Vitiligo Patient’s Skin Color Restored By Rheumatoid Arthritis Drug
Skin color in a patient suffering from vitiligo has been restored using a medication for treating rheumatoid arthritis, dermatologists at Yale School of Medicine report.
The late pop star Michael Jackson suffered from the disfiguring condition.
Current treatments for this common, psychologically devastating condition that causes skin to lose its pigmentation or color, such as steroid creams and light therapy, are not reliably effective in reversing the disease.
Recent findings among vitiligo researchers led Yale scientists to consider an existing type of FDA-approved medications known as Janus kinase (JAK) inhibitors, as a potential treatment.

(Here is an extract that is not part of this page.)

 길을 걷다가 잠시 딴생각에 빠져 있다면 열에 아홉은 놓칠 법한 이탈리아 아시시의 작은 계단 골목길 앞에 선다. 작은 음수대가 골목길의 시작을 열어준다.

In 2014, Brett King, M.D., principal investigator of the study, made news when he published a paper showing the effectiveness of the JAK inhibitor tofacitinib citrate (Xeljanz®) in treating hair loss caused by alopecia areata.

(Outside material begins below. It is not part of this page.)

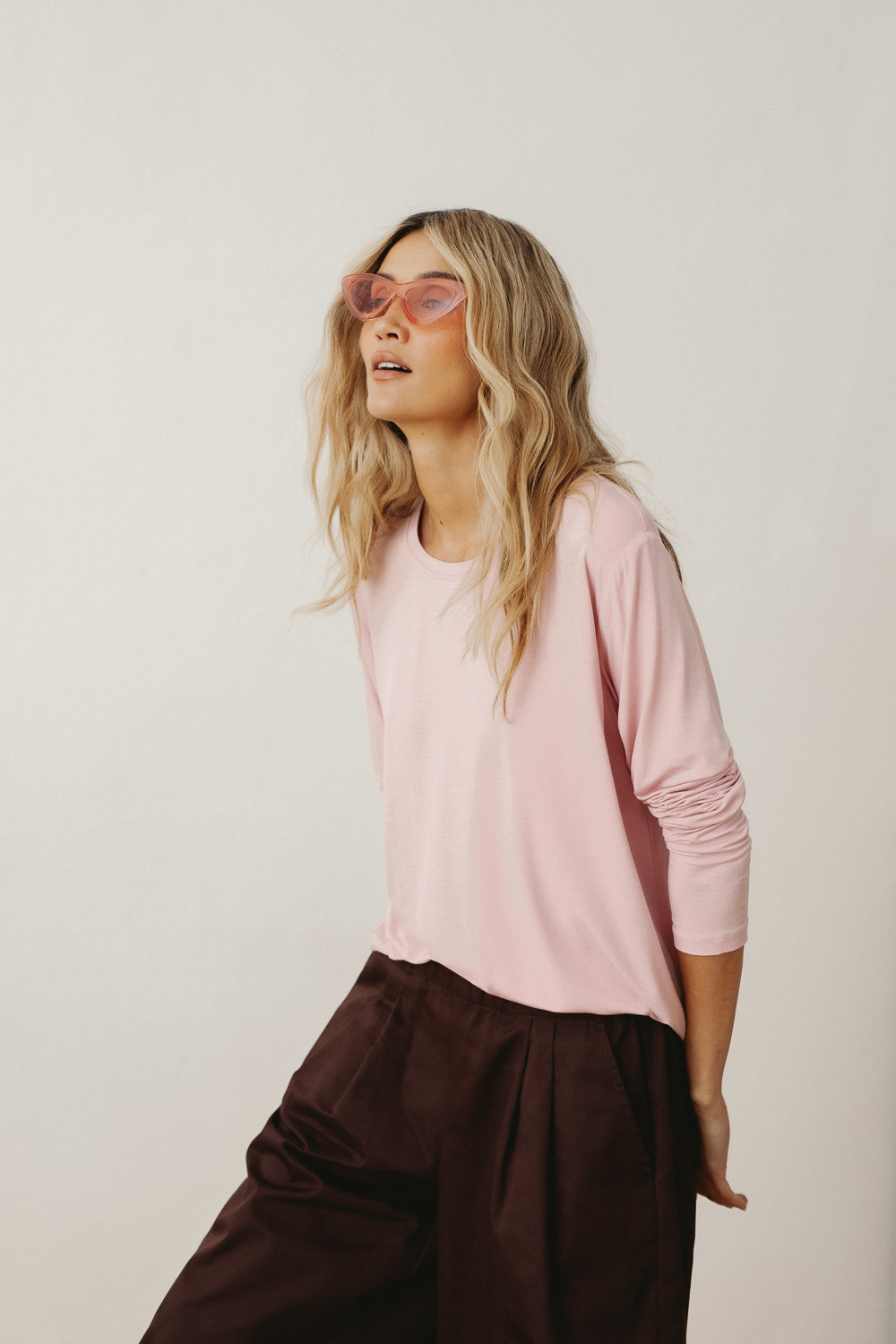 Klasyczny, damski longsleeve z okrągłym dekoltem, w odcieniu pudrowego rózu. Delikatny i kobiecy kolor rose pięknie rozświetla skórę i nadaje romantycznego looku. Subtelny jak róż na policzkach. Długie rękawy i prosta forma to świetna baza do różnych zestawów. Miękka i lejąca się dzianina ciro viscose otula skórę niczym druga, niewyczuwalna warstwa. Świetnie wygląda z jeansami, garniturowymi spodniami, czy zwiewnymi spódnicami. Nada lekkości jesiennym stylizacjom. Bluzka uszyta z dzianiny z certyfikatem OEKO-Tex Standard 100.

King and co-author Brittany Craiglow, M.D. thought the same medicine could perhaps be effective for vitiligo.
King and Craiglow administered tofacitinib to a 53-year-old patient with prominent white spots covering her face, hands, and body to test the theory. For more than a year prior to taking tofacitinib, the numbers of her white spots had been growing.
The patient experienced partial repigmentation on her face, arms, and hands—the areas that concerned her most within two months of treatment.
After five months, the white spots on her face and hands were almost gone, with only a few spots remaining on other parts of her body. Amazingly, tofacitinib caused no adverse side effects during the course of treatment.
“While it’s one case, we anticipated the successful treatment of this patient based on our current understanding of the disease and how the drug works,” said King.
King cautioned that further research is necessary to substantiate the drug’s safety and efficacy. He referred to work by University of Massachusetts Medical Center dermatologist and scientist John Harris as the inspiration for trying tofacitinib in this patient.
“It’s a first, and it could revolutionize treatment of an awful disease,” said King. “This may be a huge step forward in the treatment of patients with this condition.”
King looks forward to conducting a clinical trial using tofacitinib, or a similar medicine, ruxolitinib, for the treatment of vitiligo.